Carrie-Anne Moss and Keanu Reeves in The Matrix 4
(Image credit: Warner Bros.)

Discussing The Matrix Resurrections pre-release is an almost impossible task. The new installment in the game-changing franchise does so many interesting things, and the trailers barely give anything away. In fact, there's a high chance you have no idea what The Matrix Resurrections is actually about.

Keanu Reeves and Carrie-Anne Moss, returning to play Neo and Trinity, are not giving the game away, either. Speaking with GamesRadar+ and Total Film, the duo offer an insight into returning to the Matrix without going into specifics, giving us a wonderful feel for what to expect from Resurrections without saying precisely what's coming next. However, if there's one takeaway, it's that the upcoming movie is anchored by the love between their characters, and, at times, scenes between Neo and Trinity were almost "overwhelming" for the two actors.

Below, read our Q&A (edited for length and clarity) with Reeves and Moss, or listen to the interview on the latest episode of the Inside Total Film podcast

The Matrix has been part of both of your DNA for so long now.

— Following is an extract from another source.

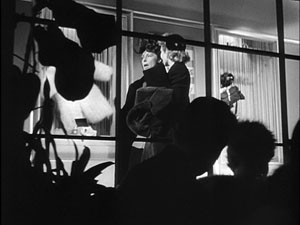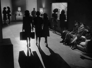 Camera technique: I feel some of the camera techniques in this film might compete with Hitchcock. The director took advantage of light and shadows. One example of this is Bill and Jane sitting on the Hilton’s back porch talking. The two are back-lit so we only see their silhouettes. The only light from the couple is when Bill lights his cigarette. Another is when Jane is saying goodbye to Bill at the train station. She stands there waving goodbye, the camera pulls back and her shadow stretches about 100 feet across the station. Another shot I really like is when Guy Madison leaves Jane and Bill after they walk around downtown. He gets on the bus and walks to the back, but the camera stays on him as he walks and the bus is driving away to the left and going off screen. But some of my shots are during the dance at the canteen.  One part is the shadows as couples waltz (seen at 2:05 in the video below). Also right after they find out Johnny Mahoney dies, there is a shot through a star emblem and you see everyone dancing in the background, very beautiful.

Did you ever image a future for Neo and Trinity? 

Keanu Reeves: From that character to what happens now – it was surprising.

Carrie-Anne Moss: I never fantasized what this could have been until I heard that we were doing it. And then I had a few ideas, imagining before the read-through like, "Well, how is [Lana Wachowski] going to do this?" And then, when we had the read-through, I could not have imagined what she created on the page.

Reeves: I think Neil Thomas Anderson just wanted to be with Trinity and have a happy ever after. And that didn't happen. And that feeling is really the main propulsion of the character in Resurrections, he is trying to get back to that.

The love between these two characters is so palpable in the new movie. Did playing that relationship feel different this time around?

Reeves: We had a scene where, I don't want to get too much away, but we're together in the same scene. It was really emotional playing that scene. The yearning, the connection – stated and unknown. There were a couple of times where it was overwhelming.

Moss: It was for all of us – for [Keanu] and me and Lana, and these two characters coming together and not together. You want them together. And then I think how [Lana] layered those scenes with some flashback of the older version. It surprised me how emotional it made me feel, to feel all that history in the editing, the way she edited it, you actually felt the 20 years. That was really well done. I was moved by that.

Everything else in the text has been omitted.